2. Use of Rich Mixtures

All concretes are somewhat permeable by water under sufficient pressure. Mixtures rich in cement are of course much less permeable than poorer mixtures. If the amount of cement used is more than sufficient to fill the voids in the sand and gravel, a very dense concrete is obtained, into which the penetration of water is extremely slow. The permeability also decreases considerably with age, owing to the gradual crystallization of the cement in the pores, so that concrete

which is at first quite absorbent may become practically impermeable after exposure to weather for a few weeks or months. There appears to be a very decided increase in permeability when the cement is reduced below the amount necessary to fill the voids. For example, a well-mixed sand and gravel weighing 123 pounds per cubic foot, and therefore containing 25 per cent voids, will give a fairly impermeable concrete in mixtures up to 1 to 4, but with less cement will be found quite absorbent. A gravel with only 20 per cent voids would give about equally good results with a 1 to 5 mixture; such gravel is, however, rarely met with in practice. On the other hand, the best sand, mixed fine and coarse, seldom contains less than 33 per cent voids, and concrete made from such material will prove permeable if poorer than 1 to 3.

3. Use of a Facing

Penetration of water may be effectively prevented by giving the blocks a facing of richer mixture than the body. For the sake of smooth appearance, facings are generally made of cement and fine sand, and it is often noticed that these do not harden well. It should be remembered that a 1 to 3 sand mixture is no stronger and little if any better in water absorption than a 1 to 5 mixture of well-graded sand and gravel. To secure good hardness and resistance to moisture a facing as rich as 1 to 2 should be used.

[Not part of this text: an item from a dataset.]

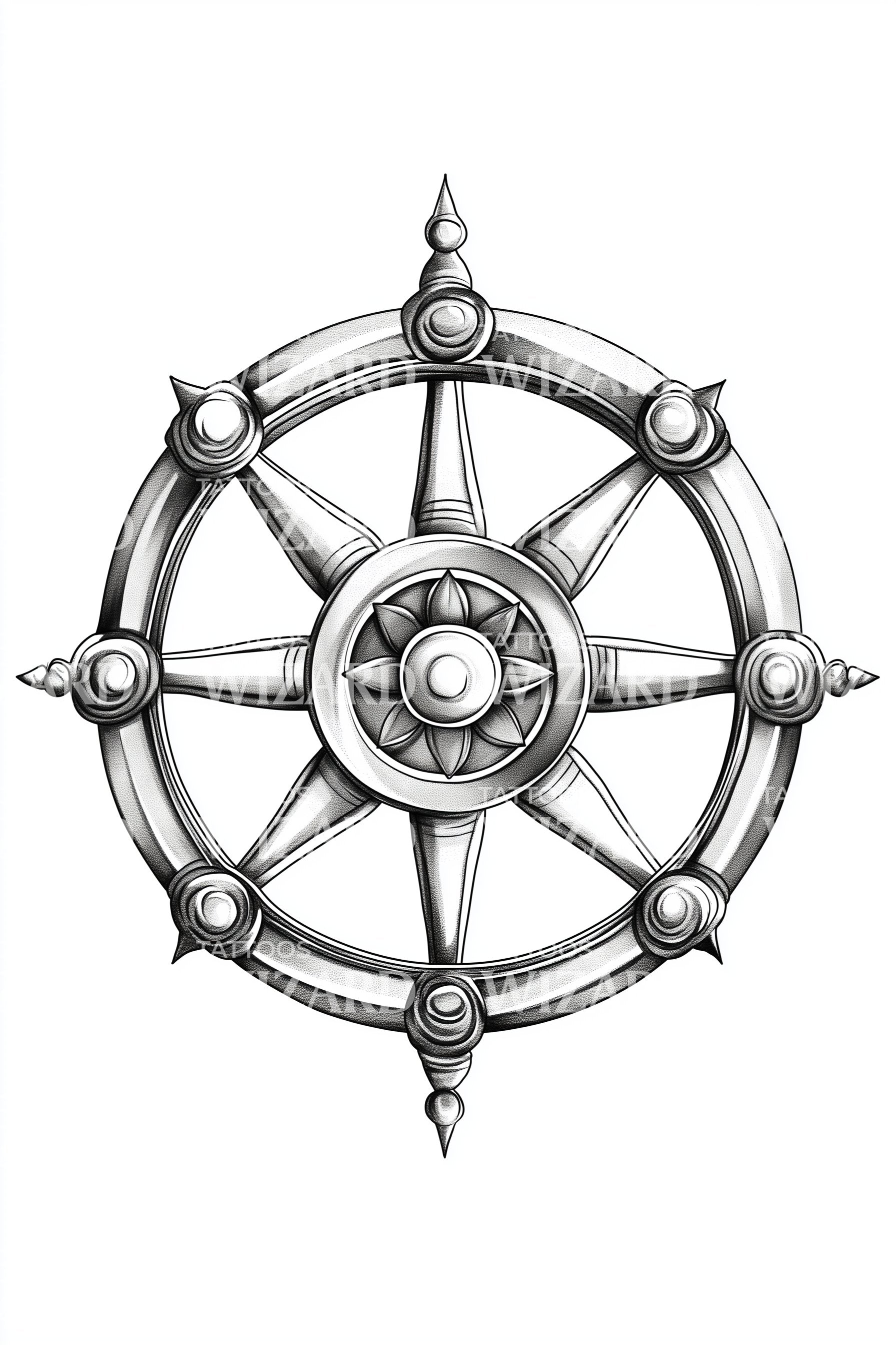 Naviger livets farvann med dette realistiske tatoveringsdesignet! Gjennomsyret av nautisk sjarm, viser dette motivet et skipsratt som symboliserer kontroll og retning. Nøye detaljert er rattet bevisst utformet for å fremkalle følelsen av et ekte skipsstyringshjul. Et absolutt must for sjøentusiaster og tatoveringssamler.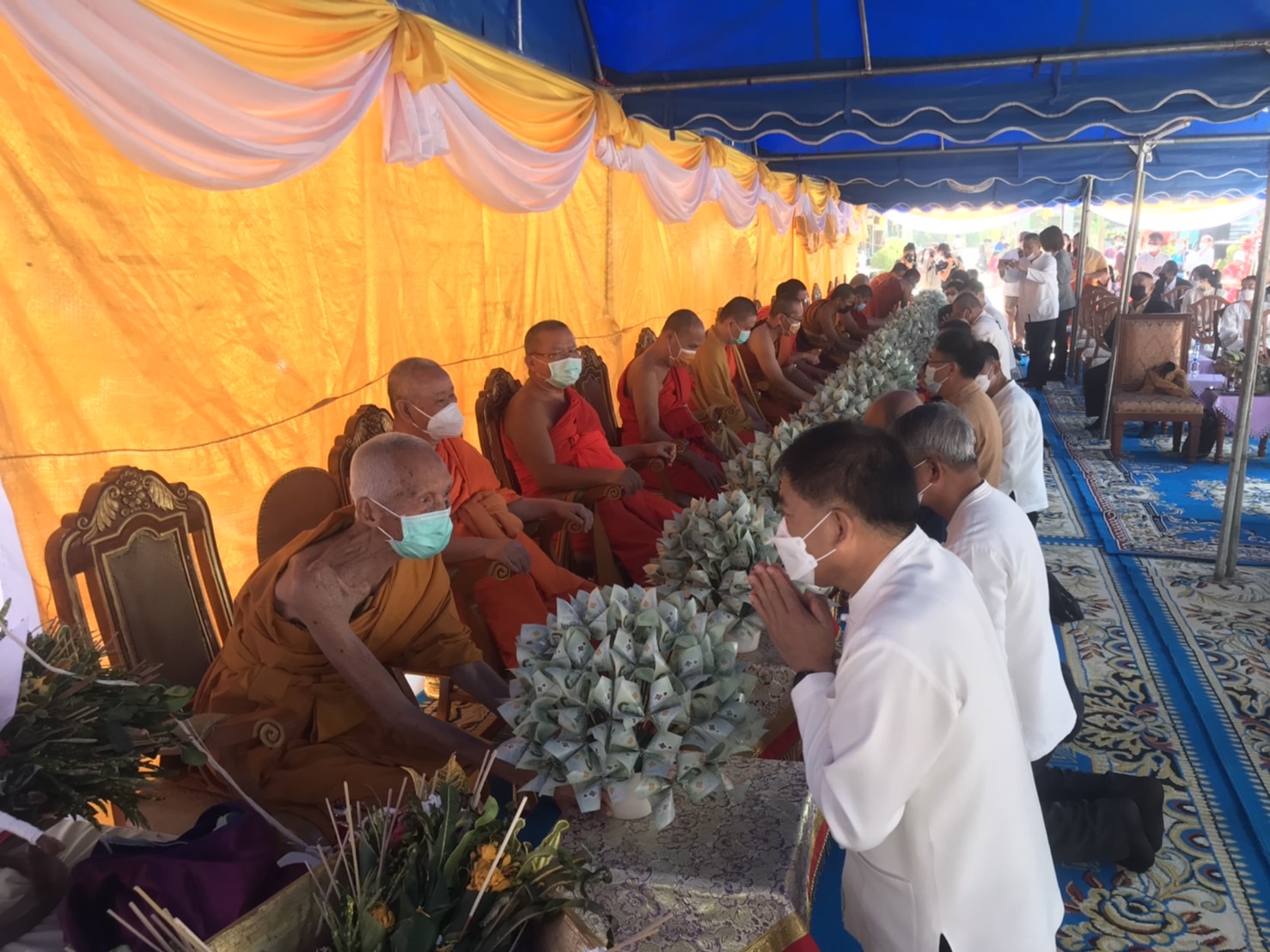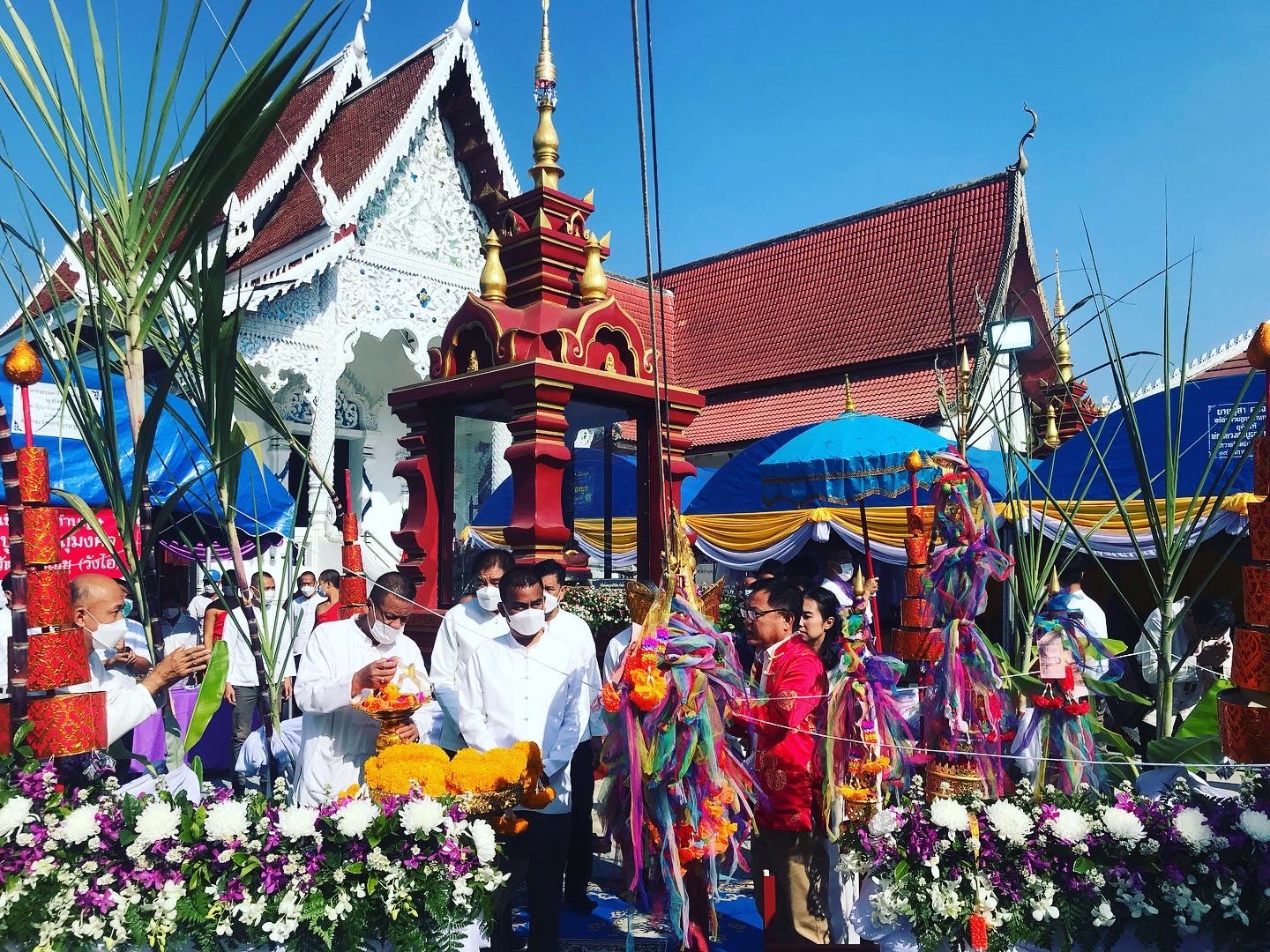 โอกาสนี้ นายสันติธร ยิ้มละมัย ผู้ว่าราชการจังหวัดลำพูน ประธานในพิธี จุดธูปเทียนบูชาพระรัตนตรัย เจ้าหน้าที่อาราธนาศีล พระสงฆ์ให้ศีล ประธานฝ่ายสงฆ์ ประธานในพิธี และคณะเจ้าภาพ เจิมช่อฟ้า เจิมฉัตรหอพระไตรปิฎก ประธานสงฆ์ประพรมน้ำพระพุทธมนต์ แล้วประกอบพิธียกฉัตร ยกช่อฟ้า ฉัตรหอพระไตรปิฎก เสร็จแล้ว ผู้ร่วมพิธีถวายจตุปัจจัยไทยธรรม กรวดน้ำ รับพร แล้วกราบลาพระรัตนตรัย เป็นอันเสร็จพิธี

4. Use of an Impervious Partition

When blocks are made on a horizontal-face machine, it is a simple matter, after the face is tamped and cores pushed into place, to throw into each opening a small amount of rich and rather wet mortar, spread this fairly evenly, and then go on tamping in the ordinary mixture until the mold is filled. A dense layer across each of the cross walls is thus obtained, which effectually prevents moisture from passing beyond it. A method of accomplishing the same result with vertical-face machines, by inserting tapered wooden blocks in the middle of the cross walls, withdrawing these blocks after tamping, and filling the spaces with rich mortar, has been patented. In the two-piece system the penetration of moisture through the wall is prevented by leaving an empty space between the web of the block and the inside face, or by filling this space with rich mortar.

5. Use of Waterproof Compounds

There are compounds on the market, of a fatty or waxy nature, which, when

| mixed with cement to the amount of

only 1 or 2 per cent of its weight, increase its water-resisting qualities in a remarkable degree. By thoroughly mixing 1 to 2 pounds of suitable compound with each sack of, cement used, blocks which are practically waterproof may be made, at very small additional cost, from 1 to 4 or 1 to 5 mixtures. In purchasing waterproof compound, however, care should be taken to select such as has been proved to be permanent in its effect, and some of the materials used for this purpose lose their effect after a few days' exposure to weather, and are entirely worthless.

6. Application to Surface after Erecting

Various washes, to make concrete and stone impervious to water, have been used with some success. Among these the best known is the Sylvester wash of alum and soap solution. It is stated that this requires frequent renewal, and it is hardly likely to prove of any value in the concrete industry. The writer's experience has been that the most effective remedy, in case a concrete building proves damp, is to give the outside walls a very thin wash of cement suspended in water. One or two coats will be found sufficient. If too thick a coating is formed it will show hair cracks. The effect of the cement wash is to make the walls appear lighter in color, and if the coating is thin the appearance is in no way injured.